*Task to complete*:
An exact copy of the entries is required, excluding any pictures.

*Supplied material*:
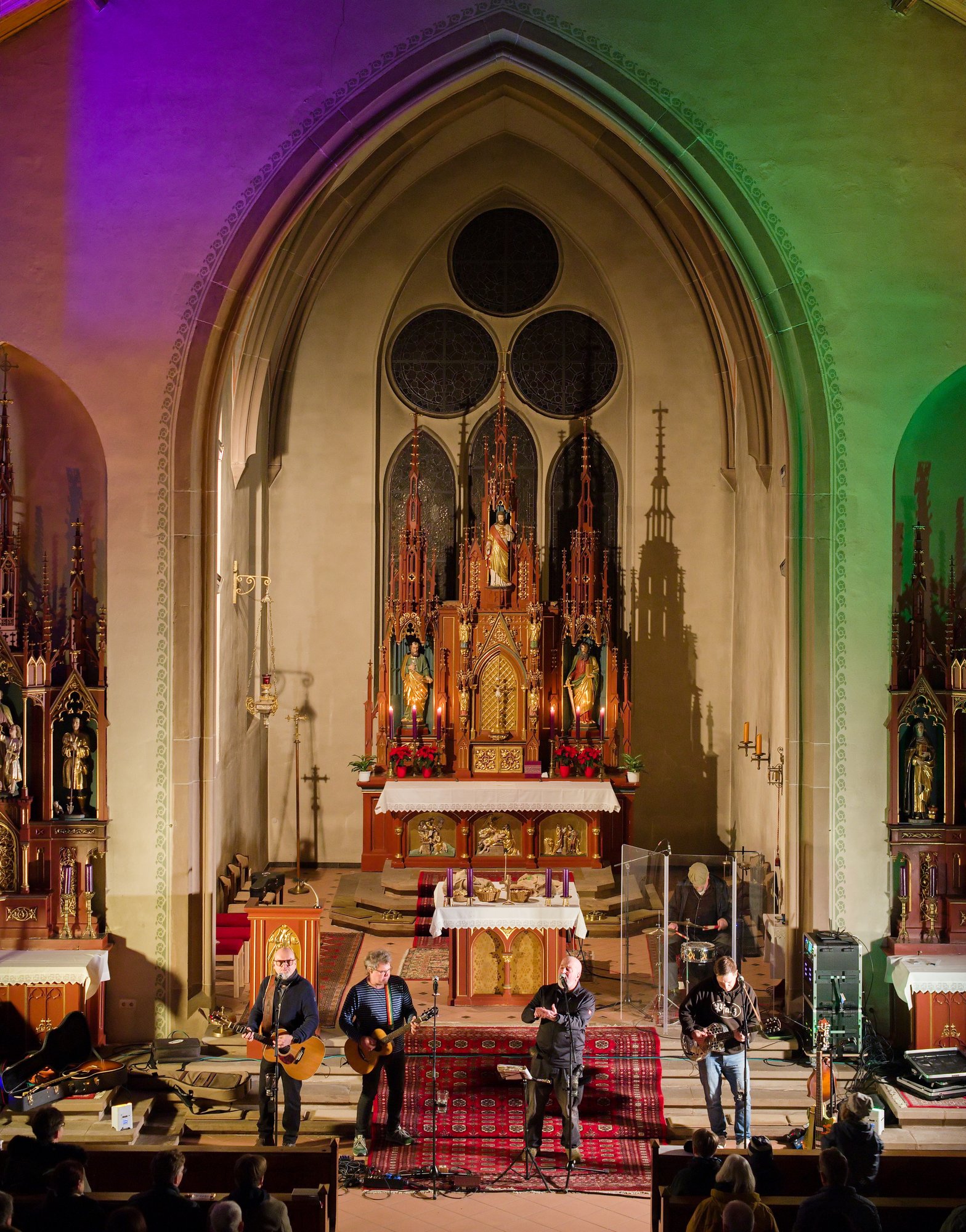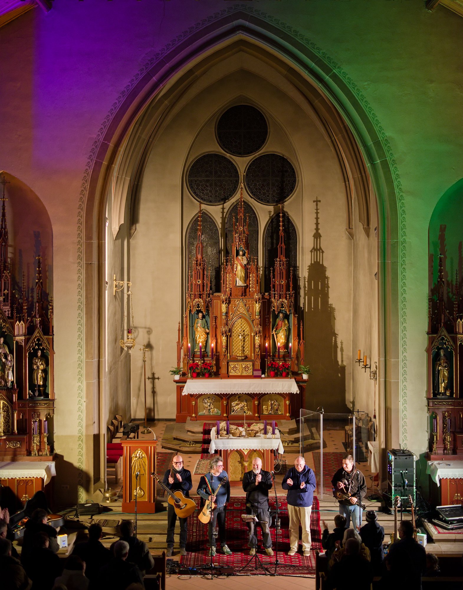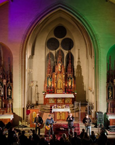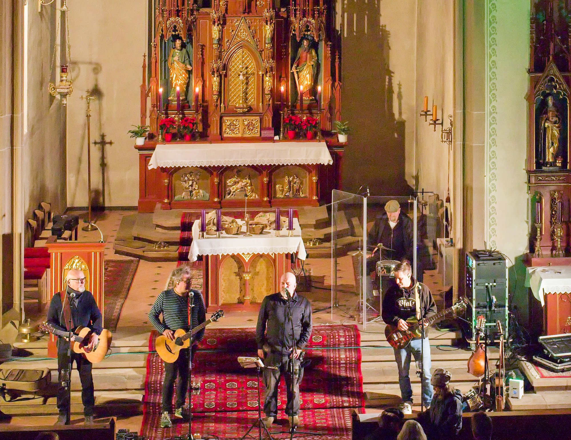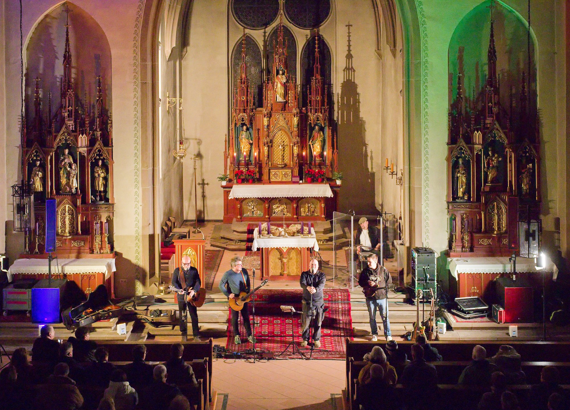 Am Nikolaustag 2025 war in der katholischen Kirche St. Amandus in Ottersheim Konzert mit der 1995 in Frankenthal gegründeten Band die „Anonyme Giddarischde“ angesagt. Die Kirche fühlte sich an diesem Abend verkabelt an, behielt aber trotzdem ihre besinnliche Ausstrahlung. Wie kamen diese Musiker und Mundartsänger in die Kirche und aufs Programm? Ganz einfach, „wenn man de Leit uffs Maul guckt“ oder ihnen die Gelegenheit gibt, einmal zu sagen, was sie denken und wünschen. So geschehen war es auf einer Pfarrversammlung für die Gläubigen der Kirchengemeinde Ottersheim am 20. Februar 2024. Da wurde der Wunsch geäußert, in der Ottersheimer Kirche auch Konzertgottesdienste anzubieten. Durch ein Weitersweilerer Pfarreiratsmitglied kam es zum Kontakt mit der pfalzweitbekannten Kultband. Die hatten jedoch bisher noch nie in einer katholischen Kirche gespielt und konnten sich eigentlich nicht vorstellen, dass sie überhaupt jemand in der Kirche will. Die Band sagte zu und es war ihre Freude zu spüren, als sie sich vor den Altarstufen aufstellten und nach der Begrüßung durch Pfarrer Metzinger mit ihrem Programm begannen. Aus dem Konzert wurde ein Konzertgottesdienst und die Lieder, die auf Kerweplätzen vielleicht oft gegrölt werden, hörten sich in den Ohren der Zuhörer*innen wie tiefgehende Texte mit christlichen Werten an. In den Gesprächen nach dem Konzert wurde das deutlich wohlwollend geäußert. Lieder der Band in Mundart, so richtig pfälzisch gesungen verehrten die Heimat, das Zusammenleben der Menschen auf dem Land, huldigten der schönen Natur und Schöpfung, dem Pfälzerwald und feierten musikalisch menschliche Beziehungen, um natürlich auch der Lewwerworscht die Ehre zu erweisen, es war geradezu ein Hoch auf das tägliche Brot, das uns der himmlische Vater schenkt. Die Pfalz steht bei ihnen hoch in Ehren und wird als besondere Heimat geliebt. Thomas „Edsel“ Merz, der Songtexter und Sänger, moderierte die Lieder und entlockte seiner Mundharmonika zarte Töne. Er fand in Sprache und Wortwahl, was gut zum Advent passte.
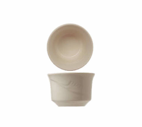 Bouillon, 7 oz., 3-5/8" dia. x 2-1/2"H, round, embossed, rolled edge, highly polished foot, microwave & dishwasher safe, lead free, ceramic, American White, Newport™
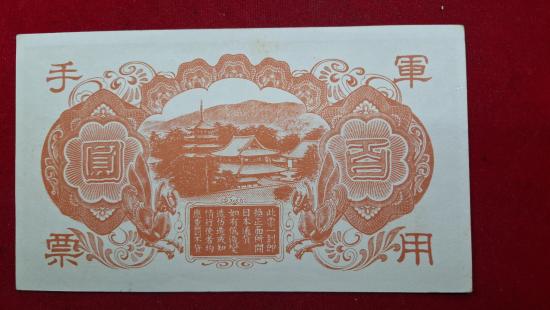 ธนบัตรรุ่นเก่า อายุกว่า 75 ปี จัดพิมพ์ออกใช้สำหรับกองกำลังทหารแห่งสมเด็จพระจักรพรรดิแห่งจักรวรรดิญี่ปุ่น ที่ทำการสู้รบในสงครามมหาเอเชียบูรพาและสงครามโลกครั้งที่ 2 ในส่วนที่ตั้งฐานและยึดครองดินแดนส่วนที่เป็นดินแดนฮ่องกงปัจจุบันและบริเวณเกาะใกล้เคียงที่เคยเป็นอาณานิคมของสหราชอาณาจักร โดยธนบัตรรุ่นนี้จัดพิมพ์ 3 ครั้ง การพิมพ์ครั้งแรกใช้กระดาษและแม่พิมพ์เดียวกับธนบัตร 100 เยน รุ่นปี ค.ศ.1944 แบบปกติที่ใช้ในญี่ปุ่น แต่พิมพ์ตัวอักษรคันจิสีแดง คำว่า ธนบัตรใช้สำหรับหน่วยทหาร แทนข้อความเดิม และฉบับนี้เป็นการพิมพ์ครั้งสุดท้าย(ครั้งที่3) ใช้แม่พิมพ์ใกล้เคียงของเดิมแต่ปรับเปลี่ยนสีให้เป็นโทนสีแดงส้ม และใช้คำว่ามหาจักรวรรดิญี่ปุ่นพิมพ์ลงบนธนบัตร
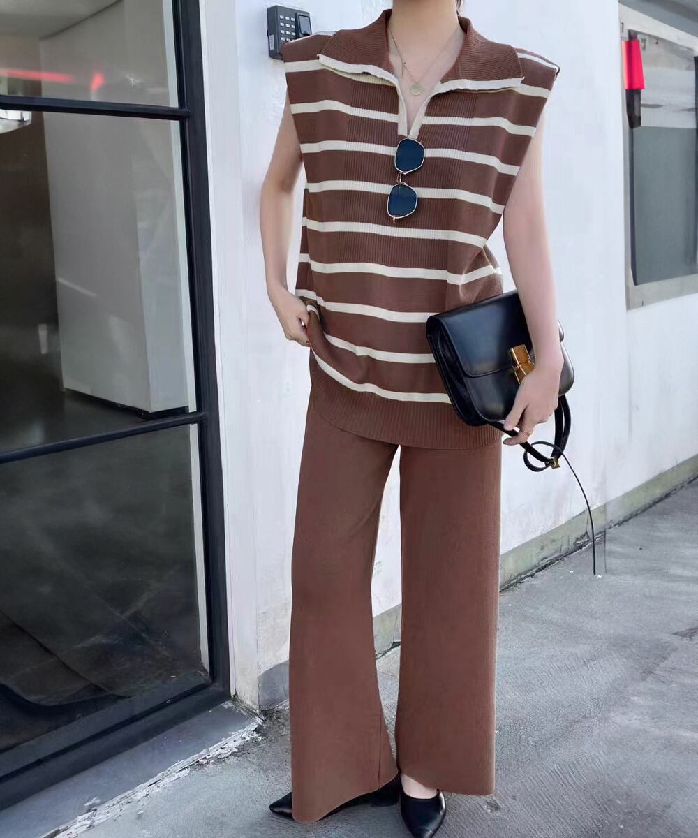 ボーダ柄ポロカラーサマーニットxハイウエストワイドレッグパンツのセットアップ
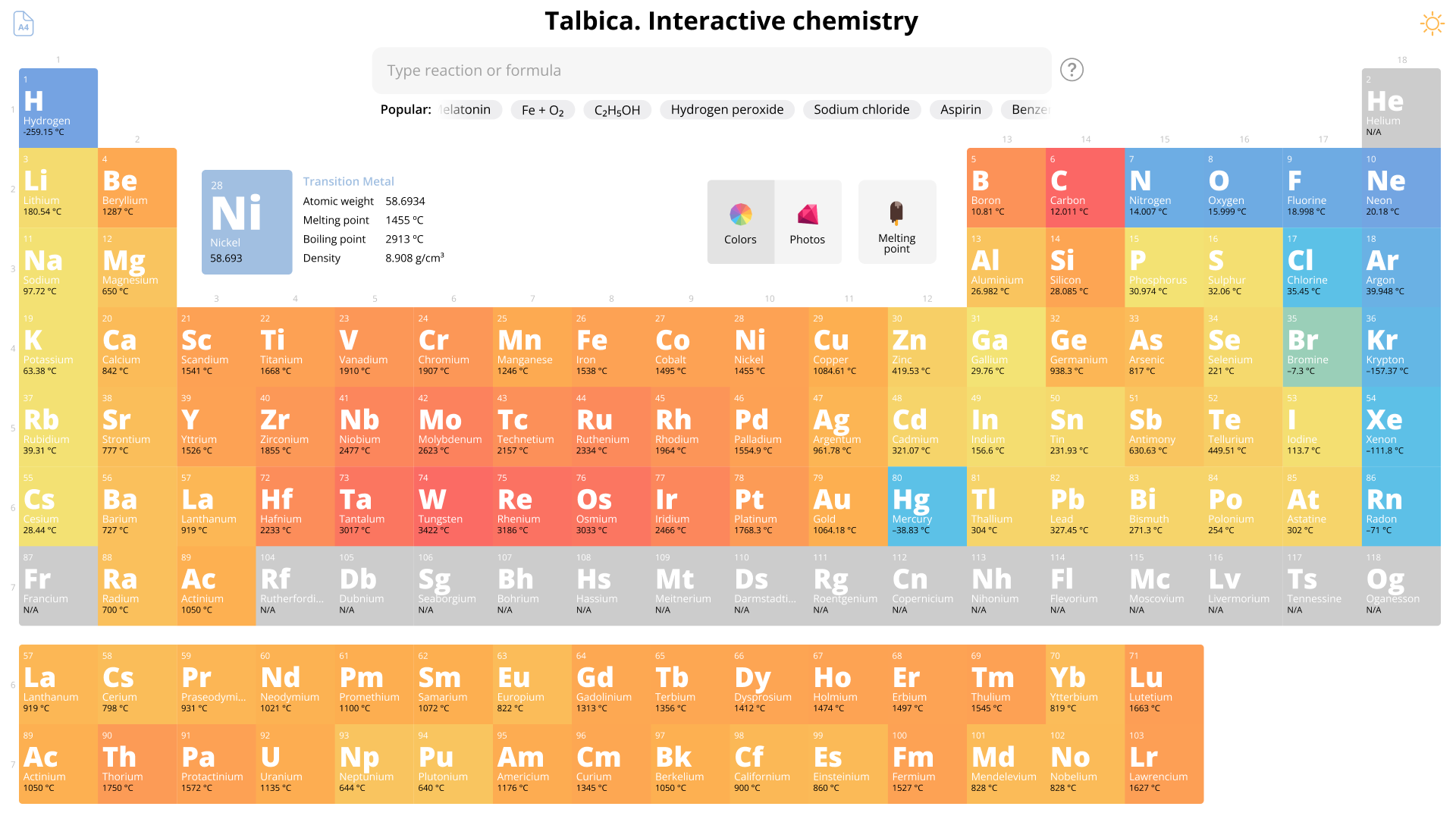 Помимо стандартной раскраски по типам элемента, Талбица умеет строить тепловые карты. С помощью них школьник может увидеть воочию, как распределяется, например, температура кипения или плотность по периодам и группам.

*Written response*:
 Am Nikolaustag 2025 war in der katholischen Kirche St. Amandus in Ottersheim Konzert mit der 1995 in Frankenthal gegründeten Band die „Anonyme Giddarischde“ angesagt. Die Kirche fühlte sich an diesem Abend verkabelt an, behielt aber trotzdem ihre besinnliche Ausstrahlung. Wie kamen diese Musiker und Mundartsänger in die Kirche und aufs Programm? Ganz einfach, „wenn man de Leit uffs Maul guckt“ oder ihnen die Gelegenheit gibt, einmal zu sagen, was sie denken und wünschen. So geschehen war es auf einer Pfarrversammlung für die Gläubigen der Kirchengemeinde Ottersheim am 20. Februar 2024. Da wurde der Wunsch geäußert, in der Ottersheimer Kirche auch Konzertgottesdienste anzubieten. Durch ein Weitersweilerer Pfarreiratsmitglied kam es zum Kontakt mit der pfalzweitbekannten Kultband. Die hatten jedoch bisher noch nie in einer katholischen Kirche gespielt und konnten sich eigentlich nicht vorstellen, dass sie überhaupt jemand in der Kirche will. Die Band sagte zu und es war ihre Freude zu spüren, als sie sich vor den Altarstufen aufstellten und nach der Begrüßung durch Pfarrer Metzinger mit ihrem Programm begannen. Aus dem Konzert wurde ein Konzertgottesdienst und die Lieder, die auf Kerweplätzen vielleicht oft gegrölt werden, hörten sich in den Ohren der Zuhörer*innen wie tiefgehende Texte mit christlichen Werten an. In den Gesprächen nach dem Konzert wurde das deutlich wohlwollend geäußert. Lieder der Band in Mundart, so richtig pfälzisch gesungen verehrten die Heimat, das Zusammenleben der Menschen auf dem Land, huldigten der schönen Natur und Schöpfung, dem Pfälzerwald und feierten musikalisch menschliche Beziehungen, um natürlich auch der Lewwerworscht die Ehre zu erweisen, es war geradezu ein Hoch auf das tägliche Brot, das uns der himmlische Vater schenkt. Die Pfalz steht bei ihnen hoch in Ehren und wird als besondere Heimat geliebt. Thomas „Edsel“ Merz, der Songtexter und Sänger, moderierte die Lieder und entlockte seiner Mundharmonika zarte Töne. Er fand in Sprache und Wortwahl, was gut zum Advent passte.
 Bouillon, 7 oz., 3-5/8" dia. x 2-1/2"H, round, embossed, rolled edge, highly polished foot, microwave & dishwasher safe, lead free, ceramic, American White, Newport™
 ธนบัตรรุ่นเก่า อายุกว่า 75 ปี จัดพิมพ์ออกใช้สำหรับกองกำลังทหารแห่งสมเด็จพระจักรพรรดิแห่งจักรวรรดิญี่ปุ่น ที่ทำการสู้รบในสงครามมหาเอเชียบูรพาและสงครามโลกครั้งที่ 2 ในส่วนที่ตั้งฐานและยึดครองดินแดนส่วนที่เป็นดินแดนฮ่องกงปัจจุบันและบริเวณเกาะใกล้เคียงที่เคยเป็นอาณานิคมของสหราชอาณาจักร โดยธนบัตรรุ่นนี้จัดพิมพ์ 3 ครั้ง การพิมพ์ครั้งแรกใช้กระดาษและแม่พิมพ์เดียวกับธนบัตร 100 เยน รุ่นปี ค.ศ.1944 แบบปกติที่ใช้ในญี่ปุ่น แต่พิมพ์ตัวอักษรคันจิสีแดง คำว่า ธนบัตรใช้สำหรับหน่วยทหาร แทนข้อความเดิม และฉบับนี้เป็นการพิมพ์ครั้งสุดท้าย(ครั้งที่3) ใช้แม่พิมพ์ใกล้เคียงของเดิมแต่ปรับเปลี่ยนสีให้เป็นโทนสีแดงส้ม และใช้คำว่ามหาจักรวรรดิญี่ปุ่นพิมพ์ลงบนธนบัตร
 ボーダ柄ポロカラーサマーニットxハイウエストワイドレッグパンツのセットアップ
 Помимо стандартной раскраски по типам элемента, Талбица умеет строить тепловые карты. С помощью них школьник может увидеть воочию, как распределяется, например, температура кипения или плотность по периодам и группам.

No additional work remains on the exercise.